There is at least one library that supports the generation of equals and hashCode methods, and that is the excellent Apache Commons Lang. There is a good explanation of how to use it here, but here’s a condensed version, from the javadocs with my annotation added in the comments:

// Nick: An example using reflection to determine all of the fields of the object;
// easiest to use but as it uses reflection it will be slower than manually
// including the fields
public boolean equals(Object obj) {
   return EqualsBuilder.reflectionEquals(this, obj);
}

// Nick: An example explicitly choosing which fields to include within the EqualsBuilder
// Note that it still requires some knowledge of creating correct equals methods, so it's not as idiot proof as the previous method
public boolean equals(Object obj) {
  if (obj instanceof MyClass == false) {
    return false;
  }
  if (this == obj) {
    return true;
  }
  MyClass rhs = (MyClass) obj;
  return new EqualsBuilder()
                .appendSuper(super.equals(obj))
                .append(field1, rhs.field1)
                .append(field2, rhs.field2)
                .append(field3, rhs.field3)
                .isEquals();
 }

The HashCodeBuilder works similarly:

public class Person {
   String name;
   int age;
   boolean isSmoker;
   ...



   public int hashCode() {
     // you pick a hard-coded, randomly chosen, non-zero, odd number
     // ideally different for each class
     return new HashCodeBuilder(17, 37).
       append(name).
       append(age).
       append(smoker).
       toHashCode();
   }

   // Nick: Alternatively, for the lazy:
   public int hashCode() {
      return HashCodeBuilder.reflectionHashCode(this);
   }

}

Using the library is a good approach, but it also introduces a dependency that may not be otherwise necessary. There are a lot of good classes in Apache Commons Lang, but if all you are using it for is the EqualsBuilder and ToStringBuilder, you’re probably better off avoiding the dependency. In this case, you can make your IDE do the heavy lifting for you.

IDE based code generation

Given that IDEs like NetBeans and Eclipse do such a good job of automatically creating things like getters/setters, constructors, etc., it’s no surprise that they can be used to generate equals/hashCode methods as well. Unfortunately, they are not perfect, which prompted me to write this post in the first place.

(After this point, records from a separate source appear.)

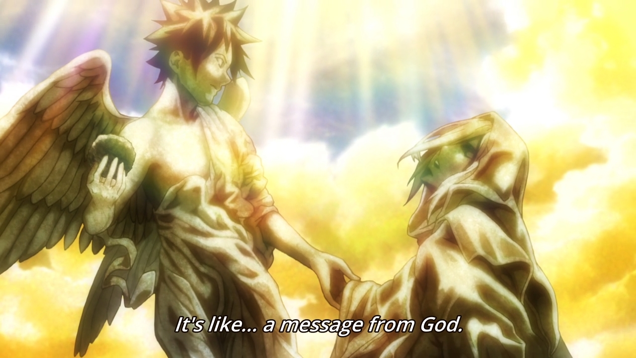 Akira wants to know what drove Yukihira to try so hard, and our hero claims it was all for his buddy. The former then tries his rival’s dish, and of course, he has a food orgasm over it. In fact, he feels as though he’s been visited by God. That’s a bit much, don’t you think? But it’s not all fun and games, because Jun quickly shows up to slap the guy across the face. Then she tearfully confesses that she doesn’t care about her research if it meant depriving Akira of his joy in cooking. Aw… too bad I don’t really care about either of these two characters.
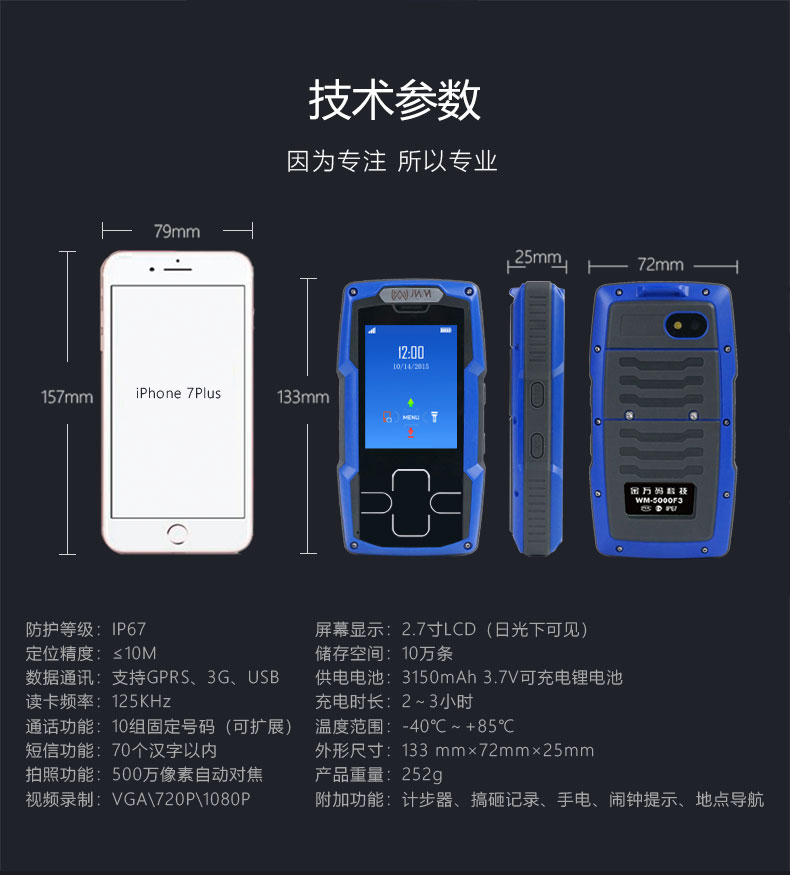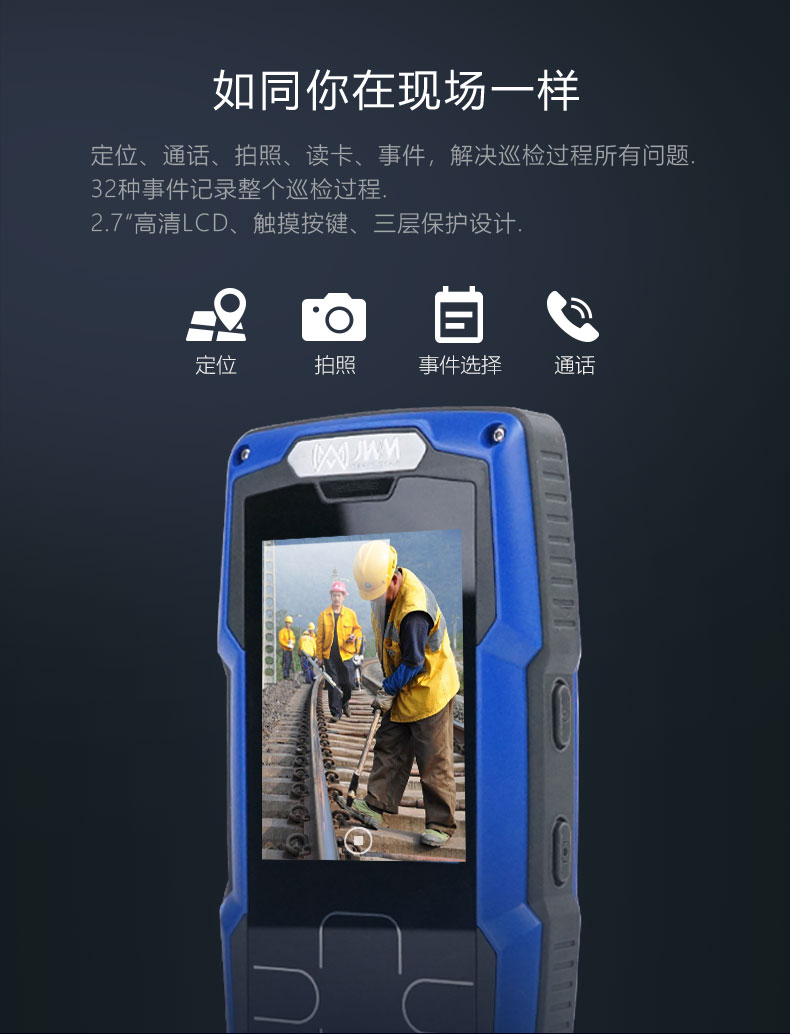 定位、通話、拍照、讀卡、事件,解決巡檢過程所有問題32種事件記錄整個(gè)巡檢過程2.7“高清LCD、觸摸按鍵、三層保護(hù)設(shè)計(jì)
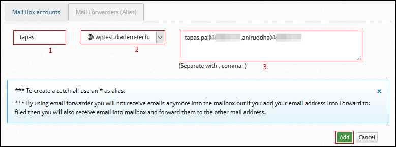 2. Go to Mail Forwarders tab and click on add new forwarders (Alias).
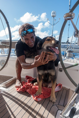 say no problem. Dalia, a young German Shepherd, was impeccably behaved, sleeping in Tuarae's arms in the cockpit, her bladder holding out until we were an hour from our destination - though she left us a lot of dog hair as a souvenir!

I will be focusing on NetBean’s implementation of the equals/hashCode code generation as of version 6.9 (the most recent version).

When you are in NetBeans and press Ctrl+I, the IDE provides a popup menu with options for methods that it can automatically generate for you.

Generate options in NetBeans 6.9

When you choose the equals() and hashCode() option, you are presented with the following screen (where the variables will differ depending on your class, obviously).

equals() and hashCode() generation dialog

After checking all of the checkboxes and pressing generate, the IDE inserts the following two snippets of code:

@Override
public boolean equals(Object obj) {
    if (obj == null) {
        return false;
    }
    if (getClass() != obj.getClass()) {
        return false;
    }
    final Point other = (Point) obj;
    if (this.x != other.x) {
        return false;
    }
    if (this.y != other.y) {
        return false;
    }
    return true;
}

@Override
public int hashCode() {
    int hash = 3;
    hash = 97 * hash + this.x;
    hash = 97 * hash + this.y;
    return hash;
}

Perfect. Great. The IDE has done all the work for you. It’s definitely more verbose than the Apache Commons solution, but at least there are no dependencies introduced into your code. If you change your class so as to introduce more variables you wish to consider for equality and hashCode, you should delete the generated methods and regenerate them.

While this is functional, there are two main problems I have with this dialog:
* Multiple checkboxes
* No linkage between equals/hashCode

I will address each in turn

Multiple checkboxes

There is no means for enabling or disabling all of the fields. Any time there are (potentially) a lot of checkboxes, you should give the user the option to toggle them all at once. You can that the NetBeans designers did just this in the Generate Getters and Setters dialog in NetBeans 6.9.

Generate getter / setters

Here you can see a checkbox next to the Point class name which toggles all of the children nodes’ checkboxes (all of the variables). This is pretty standard UI stuff; here is this pattern at work in GMail and Google Docs.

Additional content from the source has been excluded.